THE RECORDS:

..........

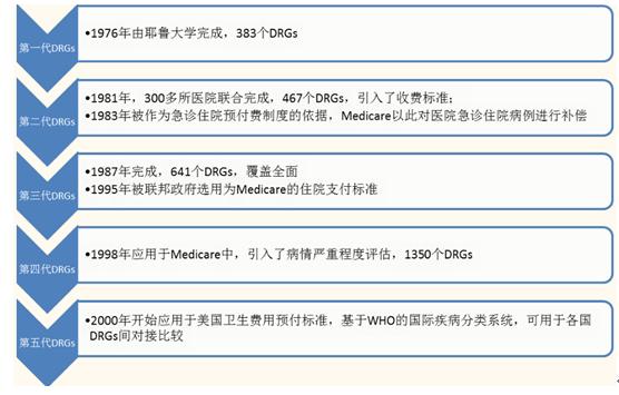 美國 DRGs 演進歷史:第一階段,第一代的 DRGs 是由耶魯大學在 1976年歷經 10 年的時間開發出來的,共制定了 383 個疾病組; 第二階段,第二代的 DRGs 由美國政府用了 6 年時間,根據全國抽樣的 40 萬份病例,并根據 ICD-9 疾病分類代碼將病例分為 23 個主診斷(MDC),467 個DRGs 組,在 1983 年的 Medicare 計劃中按照 DRGs 分組對醫院實行預付費制。 第三階段,第三代的 DRGs 由美國政府聯合國際衛生系統對 DRGs實施過程中出現的問題提出解決方案,增加到 641 個 DRGs 組,被聯邦政府選用為 Medicare 的住院支付標準; 第四階段,1998 年應用于 Medicare中,引入了病情嚴重程度評估,1350 個 DRGs; 第五階段,2000 年開始應用于美國衛生費用預付標準。
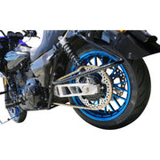 Transform your FLT '09-'24 into an aggressive and high-performance machine with the Chain Drive Conversion Kit - 57 Tooth - Black/Natural. This kit features specially designed front and rear sprockets for a bolt-on installation without the hassle of grinding the inner primary. Keep the factory gear ratio while enjoying the long-lasting durability of the heat treated and coated jagged style sprockets. The CNC machined billet aluminum Cush drive assembly adds a touch of boldness and strength with its black anodized finish. Pair this kit with a 530 chain (sold separately) and you're ready to take on any challenge with both factory and aftermarket Cush Drive rear wheels. (130 links long; chain will need to be cut down to size). Take your ride to the next level with this ultimate risk-taker's upgrade!
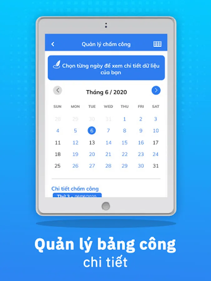 This Time Attendance App will clearly display the attendance information of each employee in such states as punctuality, late time, and days off and you can use the status filter to search.
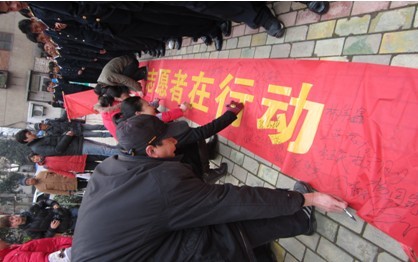 仪式上,纺机社区与这些单位签定了共建协议书,和平街党工委组织部白主任、社区党总支书记程莲向优秀志愿者颁发荣誉证书,优秀科普志愿者们又向大学生科普志愿者颁发志愿者证。随后,伴随着志愿者之歌《在你身边》,志愿者们依次在倡议横幅上签名。活动现场还开展了科普志愿者宣传服务活动,向居民宣传如何保护眼睛、如何养成健康的生活习惯、如何防火等科普知识。“团结、互助、友爱、奉献”的志愿者精神犹如春风吹遍社区每个角落,在你身边、在他身边、在大家身边。
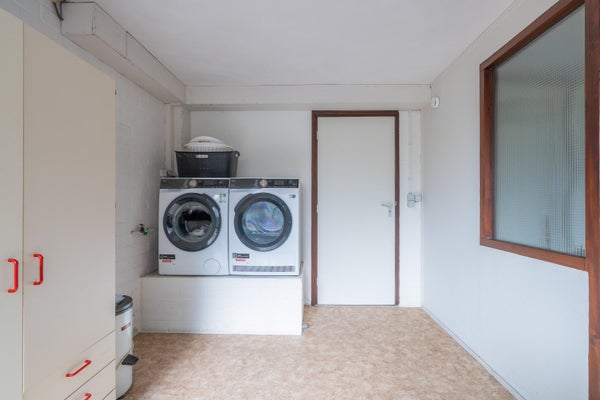 In de wasruimte ligt een novilonvloer. Hier bevinden zich de witgoedaansluitingen. De wasmachine en droger worden op een verhoging geplaatst, zodat uw rug minder wordt belast.
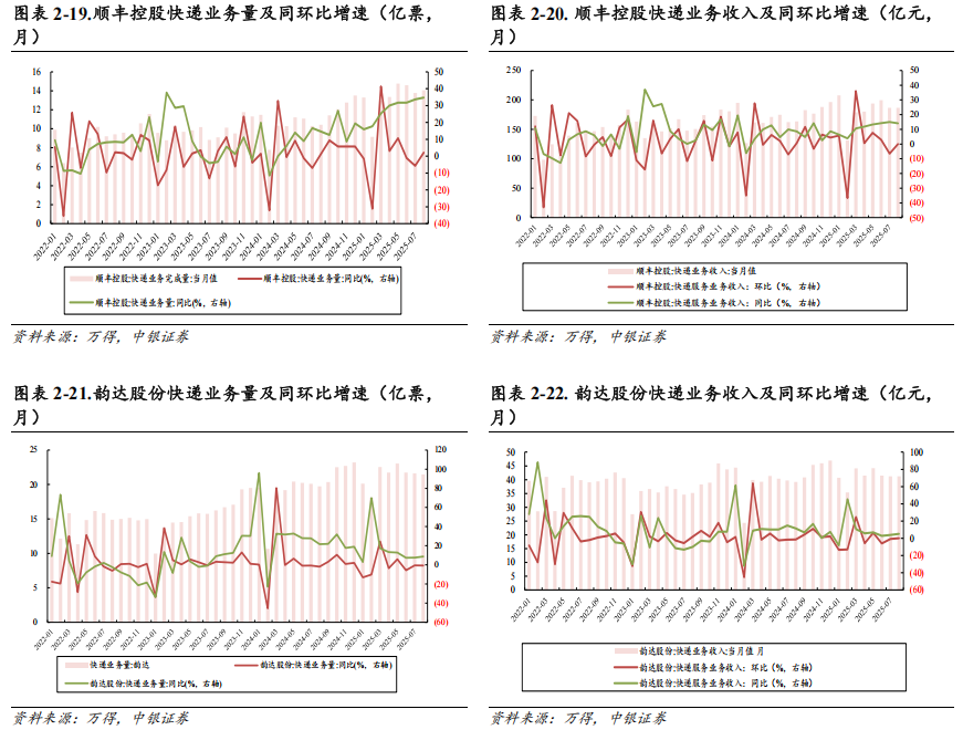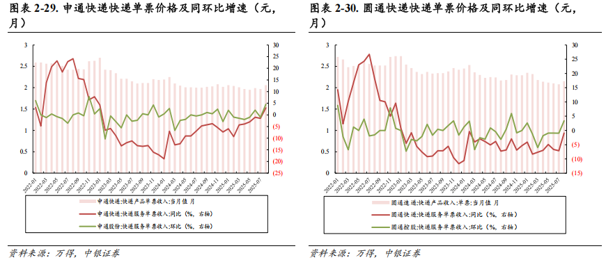 圆通速递:2025年8月单票价格2.15元,同比-0.92%(-0.02元),环比+3.37%(+0.07元)。
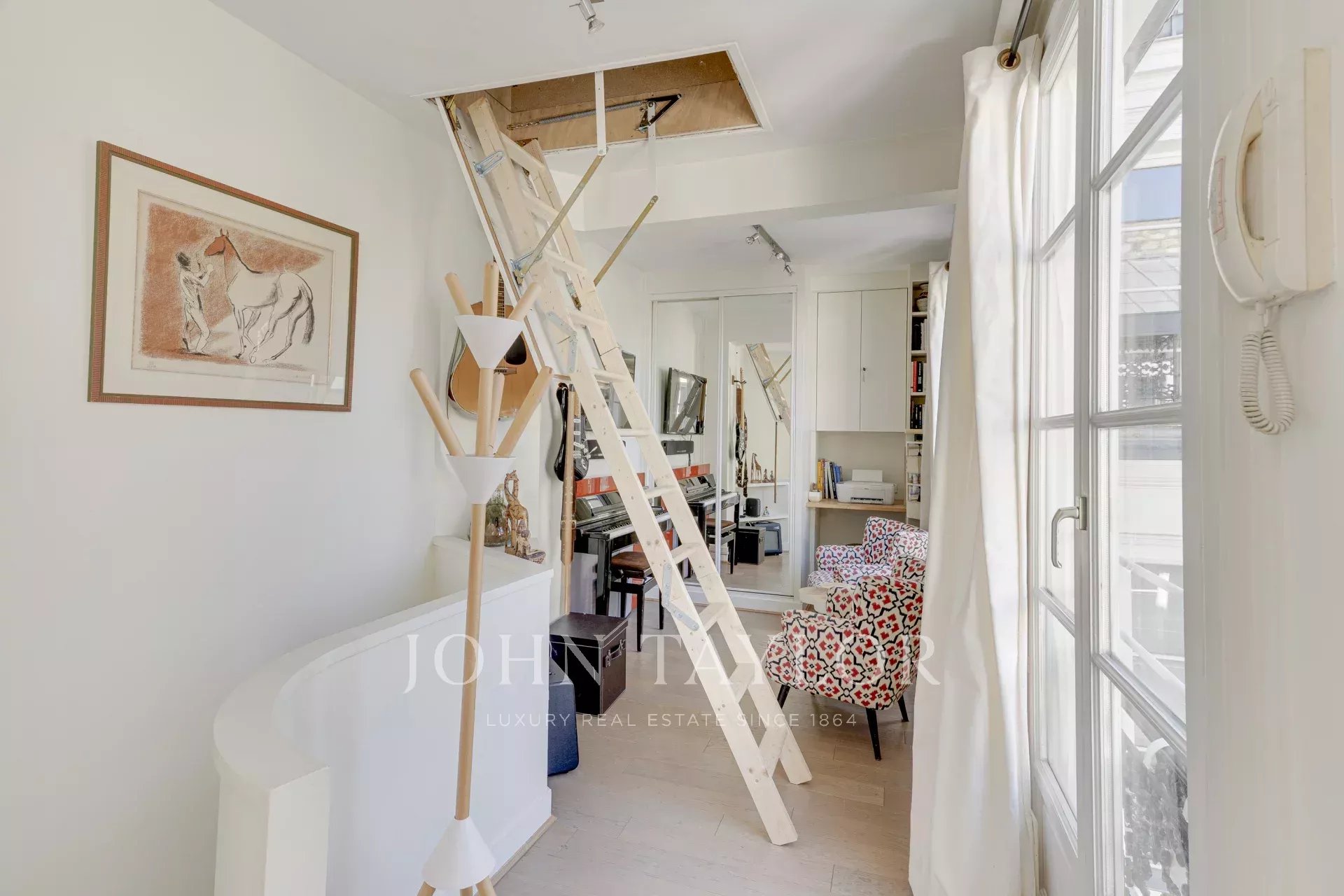 A retractable staircase provides exclusive access to a large attic. Although not convertible into living space, it is ideal for storing everyday items without cluttering the apartment.
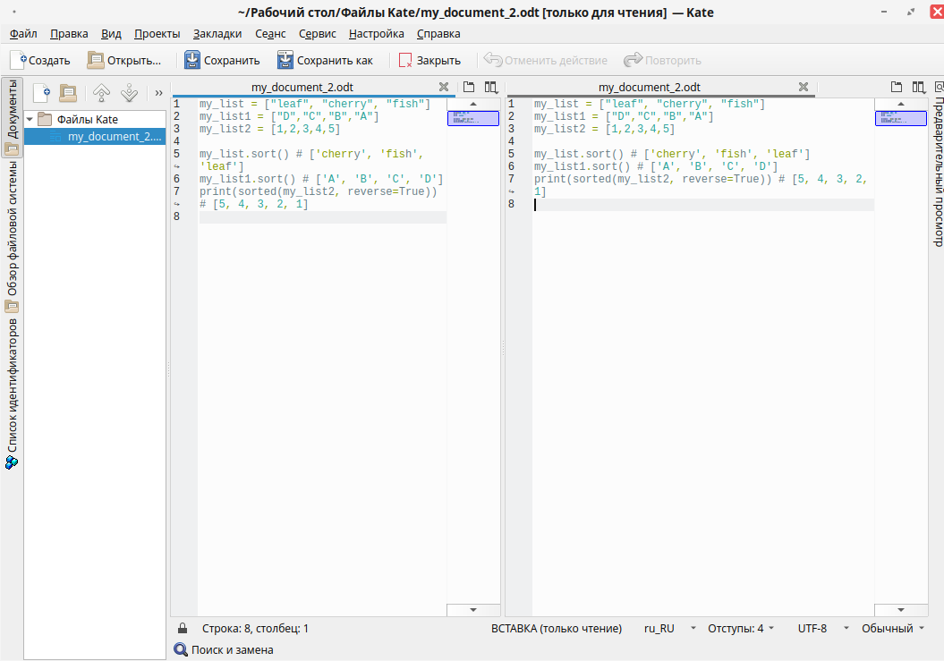 В правом окне - (2), (3) отображается редактируемый файл, а в разделе «Документы» на боковой панели - (1) - имя файла.

..........

PROBLEM TO SOLVE: Beginning with the line that contains "In de wasruimte", write out every line through the last one in the records, exactly and without pictures.

ANSWER SECTION:
 In de wasruimte ligt een novilonvloer. Hier bevinden zich de witgoedaansluitingen. De wasmachine en droger worden op een verhoging geplaatst, zodat uw rug minder wordt belast.
 圆通速递:2025年8月单票价格2.15元,同比-0.92%(-0.02元),环比+3.37%(+0.07元)。
 A retractable staircase provides exclusive access to a large attic. Although not convertible into living space, it is ideal for storing everyday items without cluttering the apartment.
 В правом окне - (2), (3) отображается редактируемый файл, а в разделе «Документы» на боковой панели - (1) - имя файла.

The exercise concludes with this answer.